W = np.random.randn(3073, 10) * 0.0001
loss, grad = softmax_loss_naive(W, X_dev, y_dev, 0.0)

# As a rough sanity check, our loss should be something close to -log(0.1).
# 作为一个粗略的完整性检查，我们的损失应该接近-log(0.1)。
print('loss: %f' % loss)
print('sanity check: %f' % (-np.log(0.1)))

输出：

loss: 2.354422
sanity check: 2.302585

lnline Question 1

为什么我们期望损失接近-log(0.1)呢?简要解释。
Your Answer:
$由公式：L_i = -\log\left(\frac{e^{s_{y_i}}}{ \sum_j e^{s_j} }\right) 知：$ 因为是随机初始化并且类的总和是10,所以正确预测类数的可能是1/10，那么损失将为-log(0.1)。

# Complete the implementation of softmax_loss_naive and implement a (naive)
# version of the gradient that uses nested loops.
# 完成softmax_loss_naive的实现，并实现一个使用嵌套循环的渐变(naive)版本。
loss, grad = softmax_loss_naive(W, X_dev, y_dev, 0.0)

# As we did for the SVM, use numeric gradient checking as a debugging tool.
# The numeric gradient should be close to the analytic gradient.
# 与我们对SVM所做的一样，使用数值梯度检查作为调试工具。数值梯度应接近解析梯度。
from cs231n.gradient_check import grad_check_sparse
f = lambda w: softmax_loss_naive(w, X_dev, y_dev, 0.0)[0]
grad_numerical = grad_check_sparse(f, W, grad, 10)

# similar to SVM case, do another gradient check with regularization
# 与SVM的情况类似，用正则化方法再做一次梯度检验
loss, grad = softmax_loss_naive(W, X_dev, y_dev, 5e1)
f = lambda w: softmax_loss_naive(w, X_dev, y_dev, 5e1)[0]
grad_numerical = grad_check_sparse(f, W, grad, 10)

与我们对SVM所做的一样，使用数值梯度检查作为调试工具。数值梯度应接近解析梯度。
与SVM的情况类似，用正则化方法再做一次梯度检验：

numerical: 1.895536 analytic: 1.895536, relative error: 4.075329e-08
numerical: 1.145960 analytic: 1.145960, relative error: 7.754185e-09
numerical: 0.520816 analytic: 0.520816, relative error: 1.751680e-09
numerical: 0.019831 analytic: 0.019830, relative error: 1.837633e-06
numerical: -1.927560 analytic: -1.927560, relative error: 3.272616e-09
numerical: -2.331816 analytic: -2.331816, relative error: 1.606302e-08
numerical: 1.795485 analytic: 1.795485, relative error: 4.357714e-08
numerical: 2.946119 analytic: 2.946119, relative error: 2.266958e-08
numerical: 0.776307 analytic: 0.776307, relative error: 3.997289e-09
numerical: 2.914070 analytic: 2.914070, relative error: 6.318577e-09
numerical: -0.553924 analytic: -0.549033, relative error: 4.434225e-03
numerical: 0.000276 analytic: -0.001898, relative error: 1.000000e+00
numerical: 0.949624 analytic: 0.939115, relative error: 5.563964e-03
numerical: 1.651383 analytic: 1.655799, relative error: 1.335457e-03
numerical: -0.736941 analytic: -0.741462, relative error: 3.057579e-03
numerical: 2.944667 analytic: 2.947244, relative error: 4.372780e-04
numerical: 3.311702 analytic: 3.317417, relative error: 8.620659e-04
numerical: -1.625303 analytic: -1.628303, relative error: 9.221845e-04
numerical: 1.819605 analytic: 1.810454, relative error: 2.520883e-03
numerical: 0.428718 analytic: 0.432026, relative error: 3.843106e-03

既然我们已经有了softmax loss函数及其梯度的一个简单实现，那么就用softmax_loss_vectorized实现一个矢量化的版本。这两个版本应该计算相同的结果，但是矢量化版本应该更快。

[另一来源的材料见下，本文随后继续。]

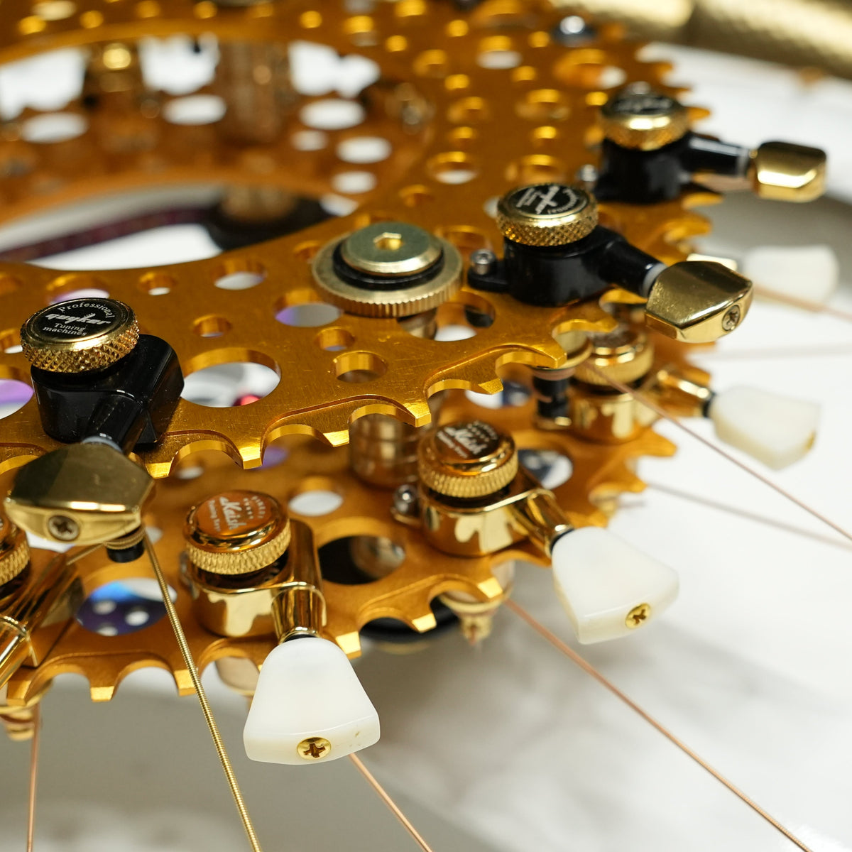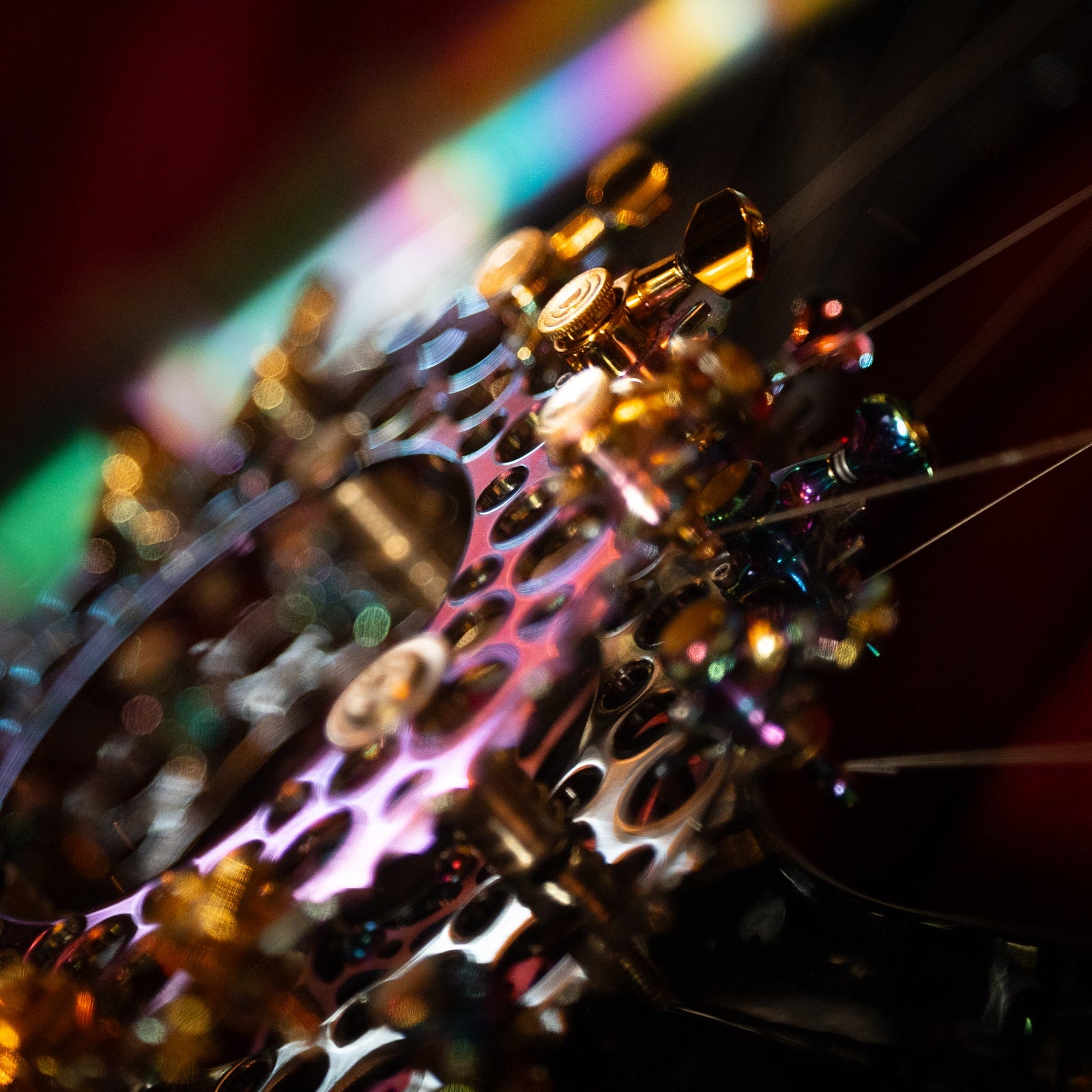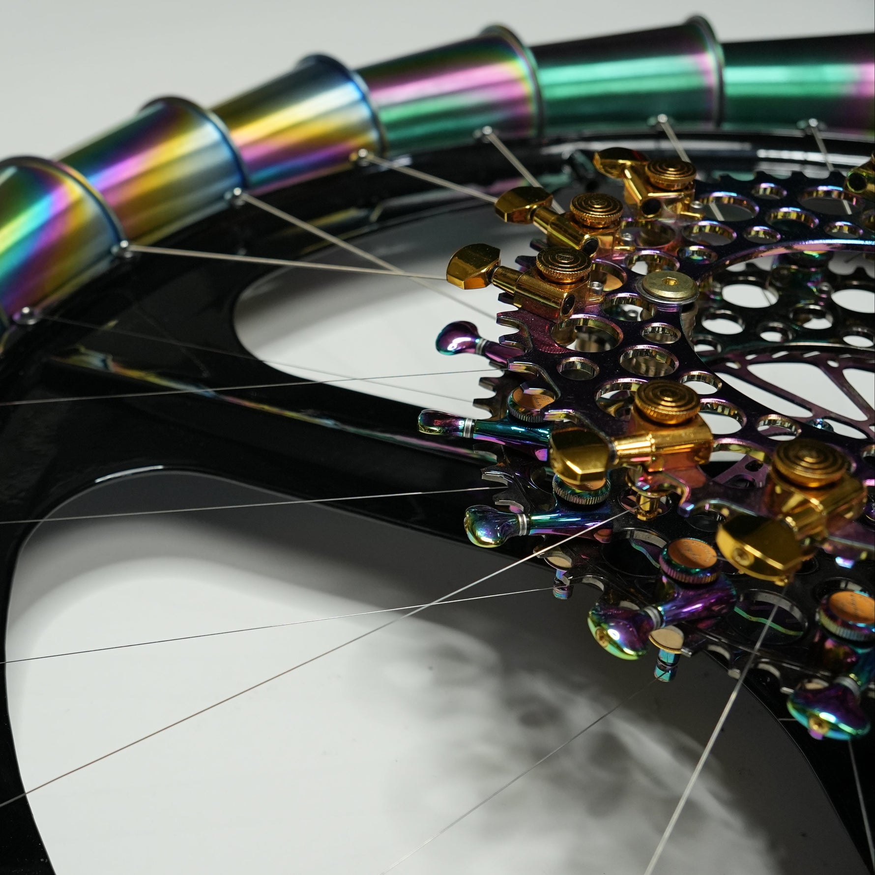 Discover a sound that no one else has. The Lethelium is a handcrafted 24-string chromatic instrument forged from a bicycle wheel & transformed into a rare performance tool.

def softmax_loss_vectorized(W, X, y, reg):
    """
    Softmax loss function, vectorized version.

    Inputs and outputs are the same as softmax_loss_naive.
    """
    # Initialize the loss and gradient to zero.
    loss = 0.0
    dW = np.zeros_like(W)
    num_train = X.shape[0]
    
    #############################################################################
    # TODO: Compute the softmax loss and its gradient using no explicit loops.  #
    # Store the loss in loss and the gradient in dW. If you are not careful     #
    # here, it is easy to run into numeric instability. Don't forget the        #
    # regularization!                                                           #
    #############################################################################
    # *****START OF YOUR CODE (DO NOT DELETE/MODIFY THIS LINE)*****

    scores = X.dot(W)  # 计算分数矩阵。 500x3073 * 3073x10 = 500x10
    exp_scores = np.exp(scores)  # e^scores.  500x10 
    sum_scores = np.sum(exp_scores, axis = 1)  # 各个类所对应的分数总和。 (500,)
    exp_scores /= sum_scores[:,np.newaxis]  # 标准化后的概率 500x10
    
    loss_matrix = -np.log(exp_scores[range(num_train),y])  # 500,
    loss += np.sum(loss_matrix)
    exp_scores[range(num_train),y] -= 1  # 取正确标签处，减一。注：必须使用range(num_train)而非：
    dW += np.dot(X.T, exp_scores)  # 3073x500 * 500x10 = 3073x10
	
    # *****END OF YOUR CODE (DO NOT DELETE/MODIFY THIS LINE)*****
    loss /= num_train
    loss += reg * np.sum(W*W)
    dW /= num_train
    dW +=reg *W
    
    return loss, dW

# Now that we have a naive implementation of the softmax loss function and its gradient,
# implement a vectorized version in softmax_loss_vectorized.
# The two versions should compute the same results, but the vectorized version should be
# much faster.
tic = time.time()
loss_naive, grad_naive = softmax_loss_naive(W, X_dev, y_dev, 0.000005)
toc = time.time()
print('naive loss: %e computed in %fs' % (loss_naive, toc - tic))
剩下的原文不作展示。